In Staphylococcus aureus and other bacterial species, there is an increasing link between nucleotide biosynthesis regulation and virulence despite the mechanisms not being completely understood [63]. A Campylobacter study using a Tn library in a mouse infection model found that inactivation of genes in the purine and pyrimidine biosynthesis pathways (purS, purQ purL,carB, pyrB and pyrF) resulted in severe colonization defects in mice [22]. These studies show that bacteria require nucleotide synthesis (or acquisition) to colonise a host, infect or replicate in the host. Therefore, the essential nature of these pathways may be of interest for therapeutic development. Unidentified purine and pyrimidine transporters have been suggested, but not found, in Campylobacter, as the rest of the purine salvage pathway is absent, apart from apt [22, 62]. In this study, the apt gene was not part of the core essential genome in either species. It is present in all C. jejuni, and C. coli strains tested; it was essential in all strains but one of the C. jejuni strains tested (80512) and only in one of the C. coli strains tested (15–537260).

Four aminoacyl tRNA synthetases appear in the essential gene list for C. jejuni only. As aminoacyl tRNA synthetases are normally essential, this warranted further investigation. For C. coli H102680185, pheS, proS, and alaS were found to have a very low number of Tn insertions (two, two and four Tn insertions, respectively) therefore missing the cut-off for being called as essential in that strain. All other strains had no insertions in these genes. Similarly, gatB had two Tn insertions found in C. coli 15–537360 thus missing the threshold for essentiality. None of the other C. coli strains had any Tn insertions in gatB.
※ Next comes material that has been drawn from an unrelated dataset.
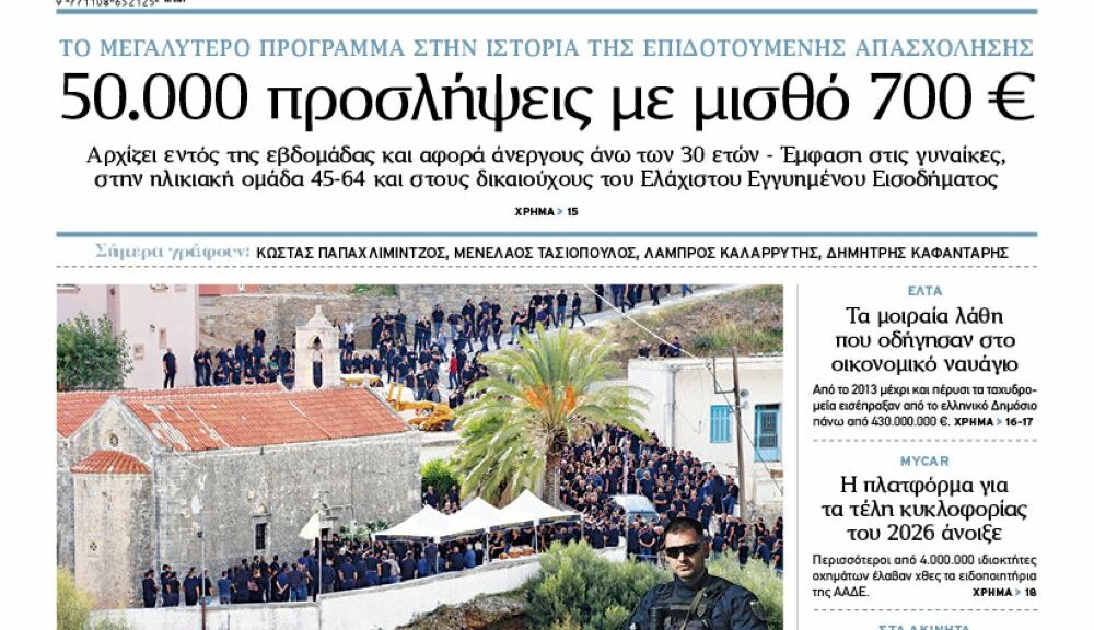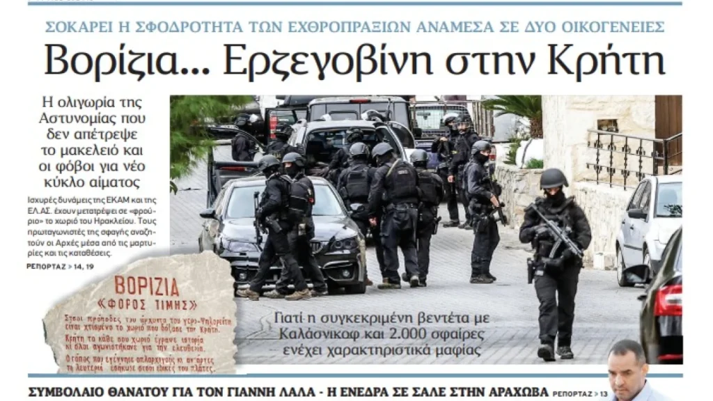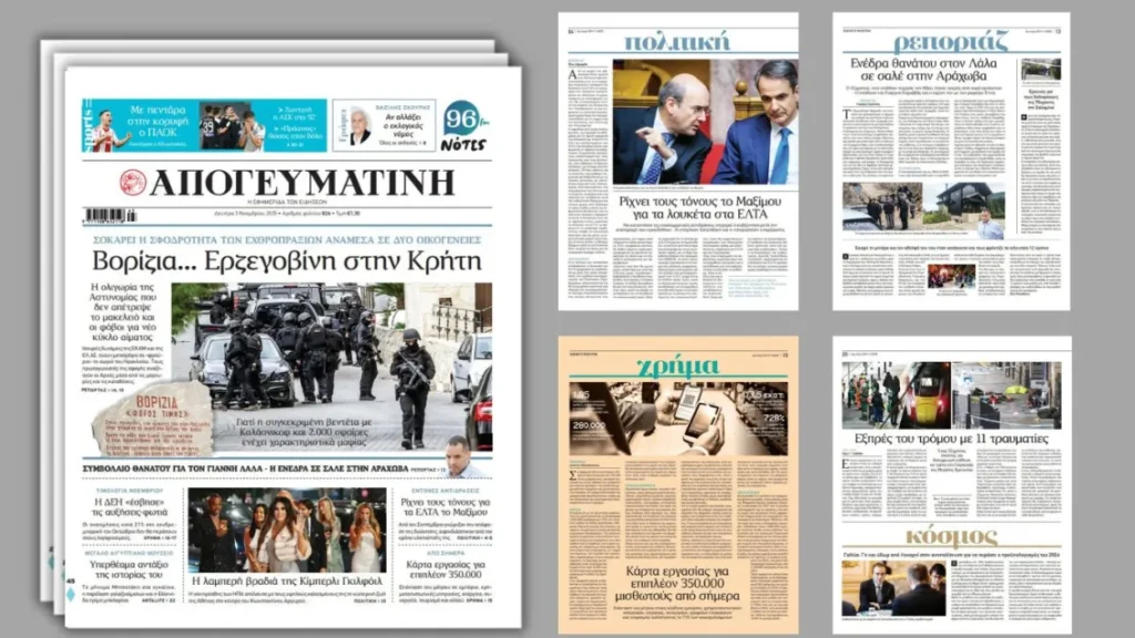Πρωτοσέλιδα Εφημερίδας Διαβάστε στην Απογευματινή: Βορίζια… Ερζεγοβίνη στην Κρήτη – Σοκάρει η σφοδρότητα των εχθροπραξιών ανάμεσα σε δύο οικογένειες Πλούσιο ρεπορτάζ στην Απογευματινή που κυκλοφορεί 08:12 - 3 Νοεμβρίου 2025

Among the genes identified as being essential to just C. coli were those coding for a potassium uptake system (KtrA/B). Maintenance of osmotic pressure is essential to bacteria, which use potassium import systems to regulate this. Both this study and others have been unable to identify another potassium transporting system occasionally found in C. jejuni called KdpA/B/C, in the genomes for the C. coli strains used in this study or in other C. coli strains [22]. Thus, we hypothesise that C. coli contains only one potassium uptake system, encoded by ktrA and ktrB, which is, therefore, essential. Neither the genes encoding KtrA/B nor the genes encoding the KdpA/B/C system were identified as part of the core essential genome for C. jejuni in this study. This is due to the strain differences between C. jejuni strains. Within this study, ktrA/B are called as essential in three C. jejuni strains – 11168, 80512 and 80864, but are not essential in 81–176, M1cam and 50520408. In the strains where ktrA/B are not essential, the kdpA/B/C system exists. In C. jejuni 81–176 which has both systems, both have previously been found to be non-essential in C. jejuni 81–176 during in vitro growth [22, 64]. We hypothesise from these and others' results, that Campylobacter requires at least one functional potassium uptake system and strains that have both systems can rely on the other if one is removed, whereas for Campylobacter species such as C. coli with only one system, the genes encoding these proteins are essential.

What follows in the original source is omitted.